## Bar Chart: Feature Comparison of Language Models
### Overview
The image presents a set of bar charts comparing the performance of three language models (Gemma-7B, LLaMA2-7B, and LLaMA3-8B) on three different tasks (TriviaQA, CoQA, and WMT-14). The performance metric used is AUROC (Area Under the Receiver Operating Characteristic curve). The charts compare the AUROC scores obtained using features extracted from different layers (mid and last) and token positions (average and last) within each model.
### Components/Axes
* **Title:** The image is composed of three sub-charts, each titled "Features from [Model Name]".
* Left Chart: "Features from Gemma-7B"
* Middle Chart: "Features from LLaMA2-7B"
* Right Chart: "Features from LLaMA3-8B"
* **Y-axis:** Labeled "AUROC" with a numerical scale ranging from 0.75 to 0.90, with tick marks at 0.75, 0.80, 0.85, and 0.90.
* **X-axis:** Categorical, representing the tasks: TriviaQA, CoQA, and WMT-14.
* **Legend:** Located at the bottom of the image.
* Green with diagonal lines: "Avg token, mid layer"
* Red with diagonal lines: "Avg token, last layer"
* Green with circles: "Last token, mid layer"

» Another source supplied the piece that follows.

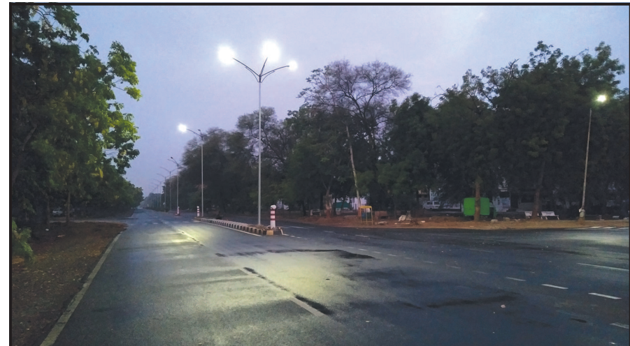
ગરમી વચ્ચે વાતાવરણમાં વારંવાર પલ્ટો જોવા મળી રહ્યાં છે. જ્યારે આજે પણ વહેલી સવારે વરસાદી વાવાઝોડાના લીધે પણ જનજીવન પ્રભાવિત થયું હતું. અચાનક જ વાતાવરણમાં બદલાવ હળવા ભારે વરસાદી ઝાપટા વરસ્યા હતા. જો કે વાતાવરણ પલ્ટાના અંતે દિવસ દરમિયાન

ગાંધીનગરમાં આકરા ઉનાળે વારંવાર મોસમનો મિજાજ બદલાય છે. અગાઉ પણ વરસાદી વાવાઝોડાના લીધે બે દિવસ સુધી સતત વાદળિયુ વાતાવરણ રહ્યું હતું. જ્યારે આકરી ગરમીની મોસમ નિખરવાની સાથે વારંવાર આકાશી નજારો બદલાય છે. અવારનવાર વરસાદ વરસાદી ઝાપટા ચોમાસુ નજીકમાં હોવાનો અહેસાસ નગરજનો કરાવી જાય છે. આજે વહેલી સવારે પણ અચાનક જ વાતાવરણમાં પલ્ટો જોવા મળ્યો હતો. ગઈકાલની આકરી ગરમી બાદ સવારના સમયે વાતાવરણ બદલાયું હતું. આકાશમાં કાળા ડીબાંગ વરસાદી વાદળો ઘેરાઈ આવ્યા હતા જ્યારે ગાજવીજ સાથે વરસાદી ઝાપટુ વરસ્યું હતું. જેના લીધે શહેરમાં ભીંજારાનો માહોલ જોવા મળ્યો હતો. વાદળિયા વાતાવરણ વચ્ચે વરસાદી ઝાપટાથી નગરમાં ભીની માટીની મહેક પ્રસરી હતી. જ્યારે કેટલાક સેક્ટરોમાં હળવુ અને કેટલાક ઠેકાણે બે ઘડી જોરદાર ઝાપટુ વરસતા ઠેર ઠેર પાણીના ખાભોચિયા ઉભરાયા હતા. તો કેટલાક સેક્ટરોમાં આ વાતાવરણ પલ્ટાની અસર જોવા મળી ન હતી. વહેલી સવારે અચાનક જ વાતાવરણમાં બદલાવ આવતા દિવસ દરમિયાન મોસમ પલ્ટો નગરજનોમાં ચર્ચાનો વિષય રહ્યો હતો. પ્રિ મોન્સુન એક્ટીવીટીના ભાગરૂપે વરસાદી વાયરો ઠુંકાયો હતો. જો કે થોડીવારમાં જ વાતાવરણ ચોખ્ખુ થઈ ગયું હતું. દિવસ દરમિયાન આકરા તાપ વચ્ચે નગરજનોએ ગરમીનો અહેસાસ કર્યો હતો. મહત્તમ તાપમાન ૩૮ ડીગ્રી રહ્યું હતું.

* Red with circles: "Last token, last layer"
### Detailed Analysis
**Gemma-7B:**
* **TriviaQA:**
* Avg token, mid layer (green, diagonal lines): ~0.87
* Avg token, last layer (red, diagonal lines): ~0.87
* Last token, mid layer (green, circles): ~0.87
* Last token, last layer (red, circles): ~0.87
* **CoQA:**
* Avg token, mid layer (green, diagonal lines): ~0.755
* Avg token, last layer (red, diagonal lines): ~0.75
* Last token, mid layer (green, circles): ~0.76
* Last token, last layer (red, circles): ~0.755
* **WMT-14:**
* Avg token, mid layer (green, diagonal lines): ~0.86
* Avg token, last layer (red, diagonal lines): ~0.85
* Last token, mid layer (green, circles): ~0.86
* Last token, last layer (red, circles): ~0.855
**LLaMA2-7B:**
* **TriviaQA:**
* Avg token, mid layer (green, diagonal lines): ~0.89
* Avg token, last layer (red, diagonal lines): ~0.89
* Last token, mid layer (green, circles): ~0.895
* Last token, last layer (red, circles): ~0.895
* **CoQA:**
* Avg token, mid layer (green, diagonal lines): ~0.80
* Avg token, last layer (red, diagonal lines): ~0.79
* Last token, mid layer (green, circles): ~0.805
* Last token, last layer (red, circles): ~0.80
* **WMT-14:**
* Avg token, mid layer (green, diagonal lines): ~0.76
* Avg token, last layer (red, diagonal lines): ~0.755
* Last token, mid layer (green, circles): ~0.77
* Last token, last layer (red, circles): ~0.76
**LLaMA3-8B:**
* **TriviaQA:**
* Avg token, mid layer (green, diagonal lines): ~0.86
* Avg token, last layer (red, diagonal lines): ~0.855
* Last token, mid layer (green, circles): ~0.86
* Last token, last layer (red, circles): ~0.855
* **CoQA:**
* Avg token, mid layer (green, diagonal lines): ~0.76
* Avg token, last layer (red, diagonal lines): ~0.755
* Last token, mid layer (green, circles): ~0.76
* Last token, last layer (red, circles): ~0.755
* **WMT-14:**
* Avg token, mid layer (green, diagonal lines): ~0.745
* Avg token, last layer (red, diagonal lines): ~0.74
* Last token, mid layer (green, circles): ~0.75
* Last token, last layer (red, circles): ~0.745
### Key Observations
* For all models, performance on TriviaQA is generally the highest, followed by WMT-14, and then CoQA.
* The choice of layer (mid vs. last) and token position (average vs. last) has a relatively small impact on the AUROC score compared to the choice of task.
* LLaMA2-7B generally achieves the highest AUROC scores across all tasks and feature extraction methods.
* Gemma-7B and LLaMA3-8B show similar performance patterns, with LLaMA3-8B slightly underperforming on WMT-14.
### Interpretation
The bar charts provide a comparative analysis of the performance of three language models on different tasks, using AUROC as the evaluation metric. The data suggests that the LLaMA2-7B model is the most effective among the three, achieving the highest AUROC scores across the tasks. The performance differences between using the average token versus the last token, and the mid layer versus the last layer, are relatively minor, indicating that the overall model architecture and training data have a more significant impact on performance than these specific feature extraction choices. The lower performance on CoQA across all models suggests that this task is more challenging for these models compared to TriviaQA and WMT-14.